In this groundbreaking paper, machine learning wiz kids Jonathan Frankle and Michael Carbin outline a pruning approach to uncover sparse sub-networks that can attain comparable performance to the original, significantly larger neural network.

via Nolan Day’s “Breaking down the Lottery Ticket Hypothesis.”

The Lottery Ticket refers to the connections with initial weights that make them particularly effective. The finding offers many advantages in storage, runtime, and computational performance - and won a best paper award at ICLR 2019. Further research has built on this technique, proving its applicability and applying it to an originally sparse network.

How to use:

  • Consider pruning your neural nets before putting them into production. Pruning network weights can reduce the number of parameters by 90%+ while still achieving the same level of performance as the original network.
  • Also, check out this episode of the Data Exchange podcast where Ben Lorica talks to Neural Magic, a startup that’s looking to capitalize on techniques such as pruning and quantization with a slick UI that makes achieving sparsity easier.

Read more:

 

#5 — Releasing the death-grip of null hypothesis statistical testing (p < .05)

 

Classical hypothesis testing leads to over-certainty and produces the false idea that causes have been identified via statistical methods. (Read more)
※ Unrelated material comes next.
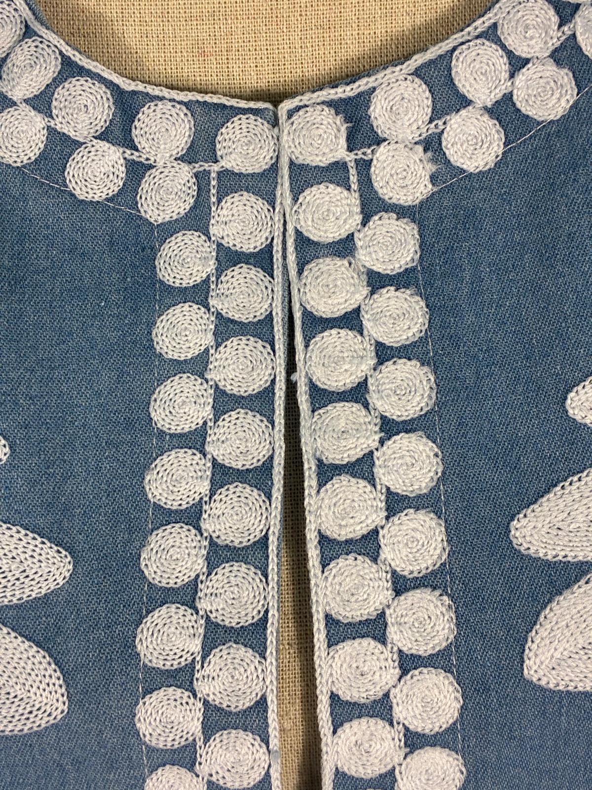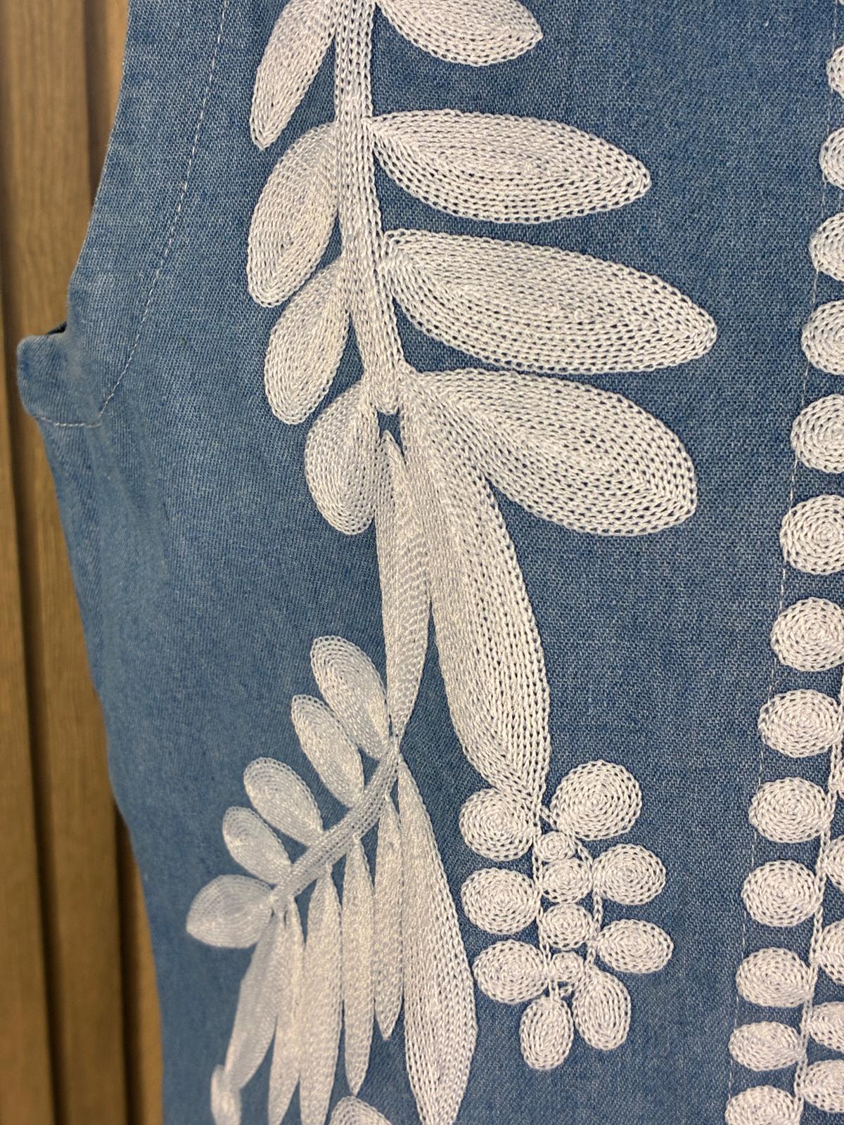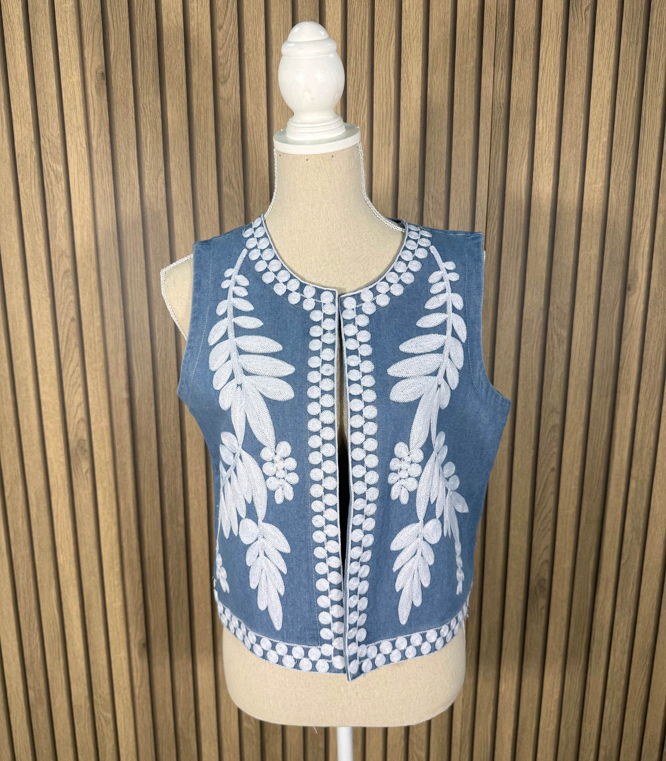 Chaleco denim en tono claro, sin cierre y con cuello redondo. Adornado con elegantes bordados en forma de hojas blancas que decoran toda la parte frontal y bordean el contorno con delicados detalles en el mismo tono. Largo hasta la cintura y confeccionado en un tejido cómodo y resistente (20 poliéster, 80% algodón). Una prenda versátil que aporta un toque distintivo y femenino a cualquier look.

Hypothesis testing predates the use of computers. Given the challenges associated with this approach (such as the fact that even statisticians find it nearly impossible to explain p-value), it may be time to consider alternatives such as somewhat precise outcome testing (SPOT).

“Significant” via xkcd.

How to use:

  • Check out this blog post, “The Death of the Statistical Tests of Hypotheses,” where a frustrated statistician outlines some of the challenges associated with the classical approach and explains an alternative utilizing confidence intervals.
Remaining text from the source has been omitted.